(Entries taken from a collection)

• • • • •

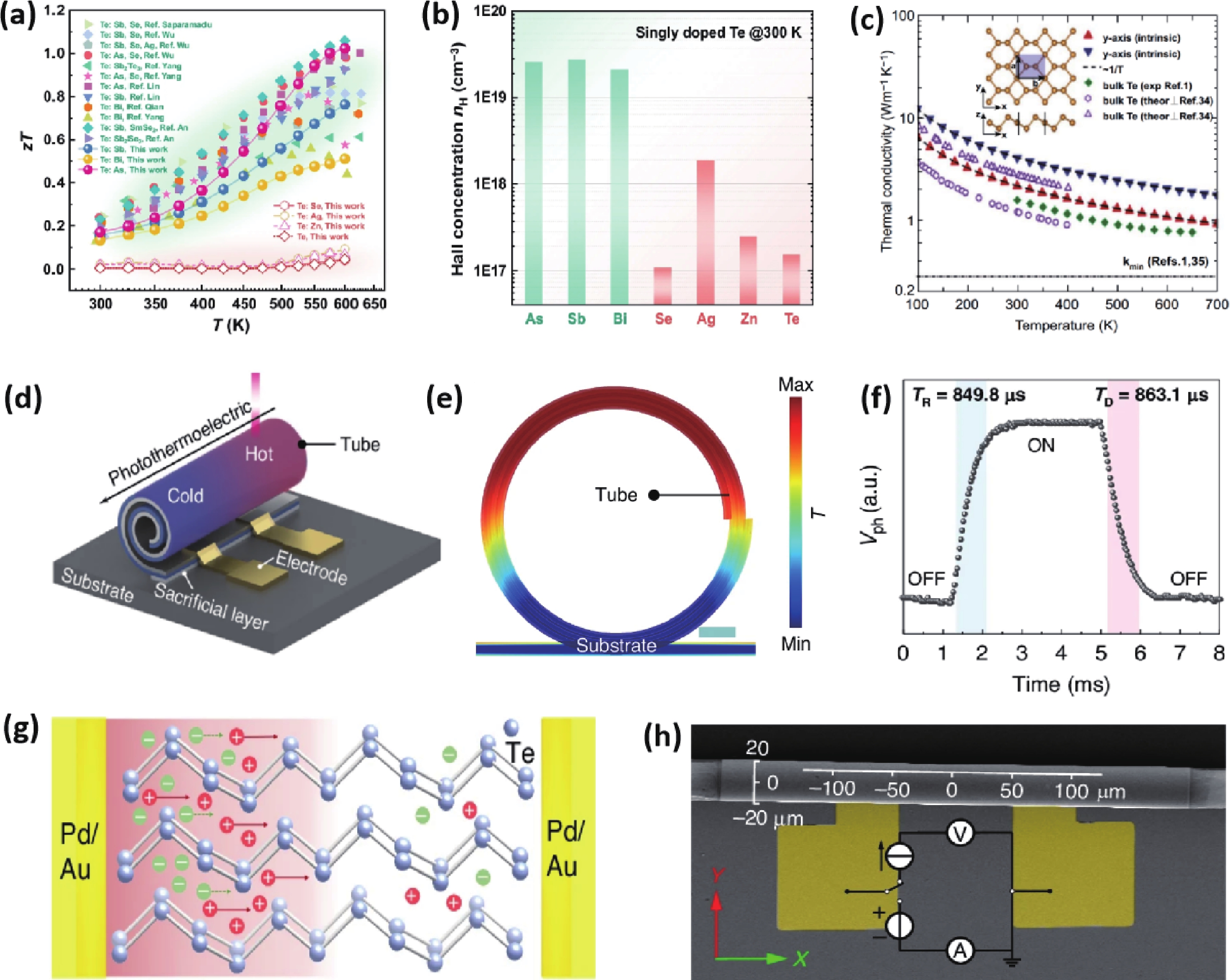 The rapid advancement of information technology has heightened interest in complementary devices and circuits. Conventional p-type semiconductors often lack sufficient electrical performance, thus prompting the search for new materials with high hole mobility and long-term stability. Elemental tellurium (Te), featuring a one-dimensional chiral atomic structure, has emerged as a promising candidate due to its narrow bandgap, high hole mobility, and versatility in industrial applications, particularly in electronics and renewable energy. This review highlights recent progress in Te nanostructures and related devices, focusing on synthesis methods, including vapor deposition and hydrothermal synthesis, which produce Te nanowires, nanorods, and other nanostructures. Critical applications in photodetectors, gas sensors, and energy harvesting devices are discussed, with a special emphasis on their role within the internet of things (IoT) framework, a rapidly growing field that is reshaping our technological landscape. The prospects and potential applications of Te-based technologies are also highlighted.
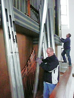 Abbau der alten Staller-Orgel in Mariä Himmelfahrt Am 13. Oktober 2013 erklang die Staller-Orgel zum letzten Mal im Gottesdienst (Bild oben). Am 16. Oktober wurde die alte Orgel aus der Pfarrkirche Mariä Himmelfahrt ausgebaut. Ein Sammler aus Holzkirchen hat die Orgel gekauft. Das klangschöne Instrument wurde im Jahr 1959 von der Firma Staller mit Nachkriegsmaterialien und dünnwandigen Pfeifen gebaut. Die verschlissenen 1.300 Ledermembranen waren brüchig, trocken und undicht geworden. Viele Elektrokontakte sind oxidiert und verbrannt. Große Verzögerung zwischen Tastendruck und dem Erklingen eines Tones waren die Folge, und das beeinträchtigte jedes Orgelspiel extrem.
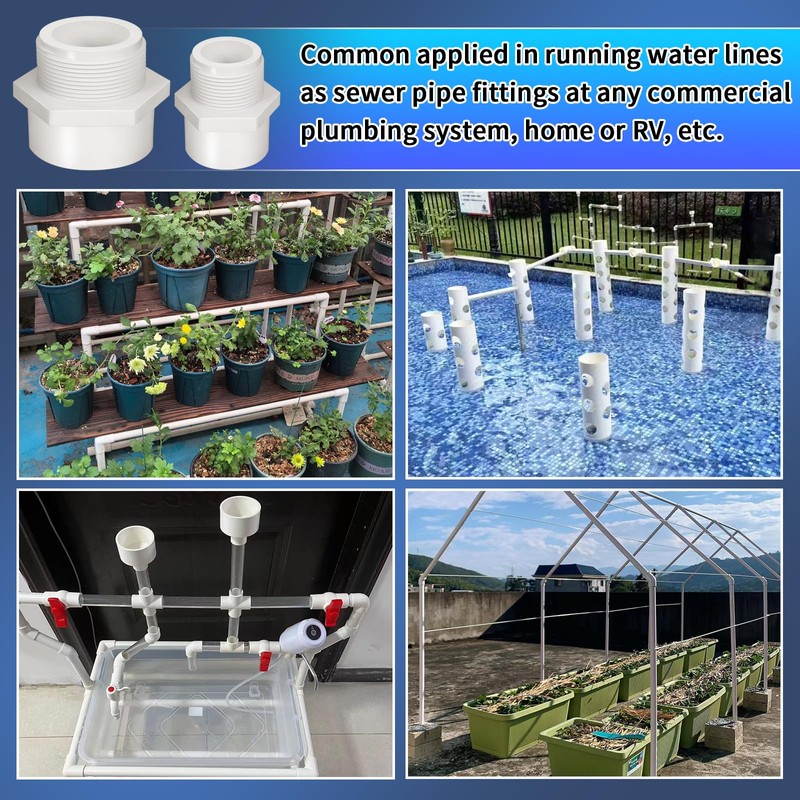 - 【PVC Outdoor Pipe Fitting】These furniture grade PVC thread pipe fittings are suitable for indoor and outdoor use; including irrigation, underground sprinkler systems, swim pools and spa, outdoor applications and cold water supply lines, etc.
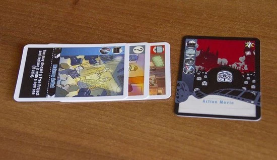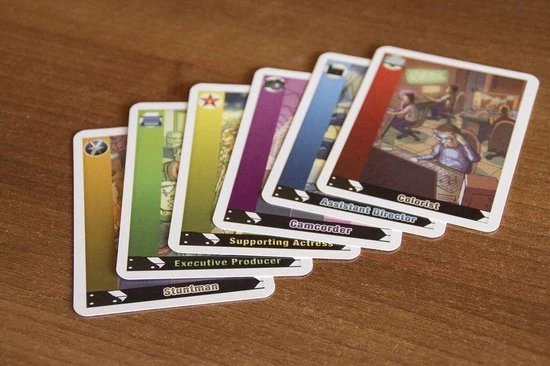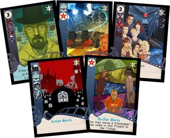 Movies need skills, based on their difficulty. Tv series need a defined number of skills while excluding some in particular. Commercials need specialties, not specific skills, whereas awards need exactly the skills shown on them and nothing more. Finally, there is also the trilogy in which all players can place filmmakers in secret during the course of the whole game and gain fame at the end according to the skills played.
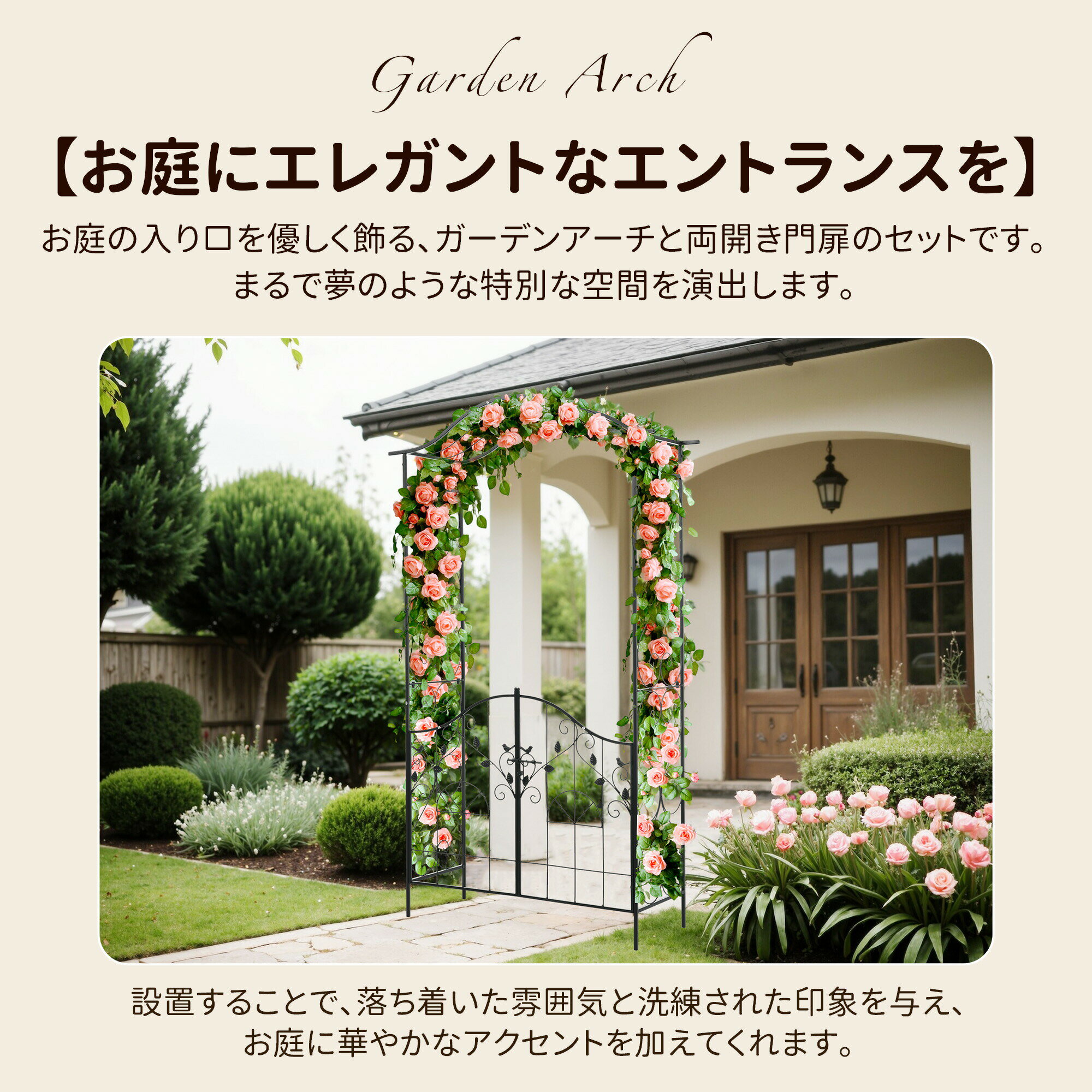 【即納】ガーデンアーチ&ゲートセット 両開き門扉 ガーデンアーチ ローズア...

• • • • •

- WORK TO BE COMPLETED
Give again, exactly, the lines from the start of the data through the one holding "- 【PVC Outdoor"; omit the pictures.

- RESULT OF THIS EXERCISE
 The rapid advancement of information technology has heightened interest in complementary devices and circuits. Conventional p-type semiconductors often lack sufficient electrical performance, thus prompting the search for new materials with high hole mobility and long-term stability. Elemental tellurium (Te), featuring a one-dimensional chiral atomic structure, has emerged as a promising candidate due to its narrow bandgap, high hole mobility, and versatility in industrial applications, particularly in electronics and renewable energy. This review highlights recent progress in Te nanostructures and related devices, focusing on synthesis methods, including vapor deposition and hydrothermal synthesis, which produce Te nanowires, nanorods, and other nanostructures. Critical applications in photodetectors, gas sensors, and energy harvesting devices are discussed, with a special emphasis on their role within the internet of things (IoT) framework, a rapidly growing field that is reshaping our technological landscape. The prospects and potential applications of Te-based technologies are also highlighted.
 Abbau der alten Staller-Orgel in Mariä Himmelfahrt Am 13. Oktober 2013 erklang die Staller-Orgel zum letzten Mal im Gottesdienst (Bild oben). Am 16. Oktober wurde die alte Orgel aus der Pfarrkirche Mariä Himmelfahrt ausgebaut. Ein Sammler aus Holzkirchen hat die Orgel gekauft. Das klangschöne Instrument wurde im Jahr 1959 von der Firma Staller mit Nachkriegsmaterialien und dünnwandigen Pfeifen gebaut. Die verschlissenen 1.300 Ledermembranen waren brüchig, trocken und undicht geworden. Viele Elektrokontakte sind oxidiert und verbrannt. Große Verzögerung zwischen Tastendruck und dem Erklingen eines Tones waren die Folge, und das beeinträchtigte jedes Orgelspiel extrem.
 - 【PVC Outdoor Pipe Fitting】These furniture grade PVC thread pipe fittings are suitable for indoor and outdoor use; including irrigation, underground sprinkler systems, swim pools and spa, outdoor applications and cold water supply lines, etc.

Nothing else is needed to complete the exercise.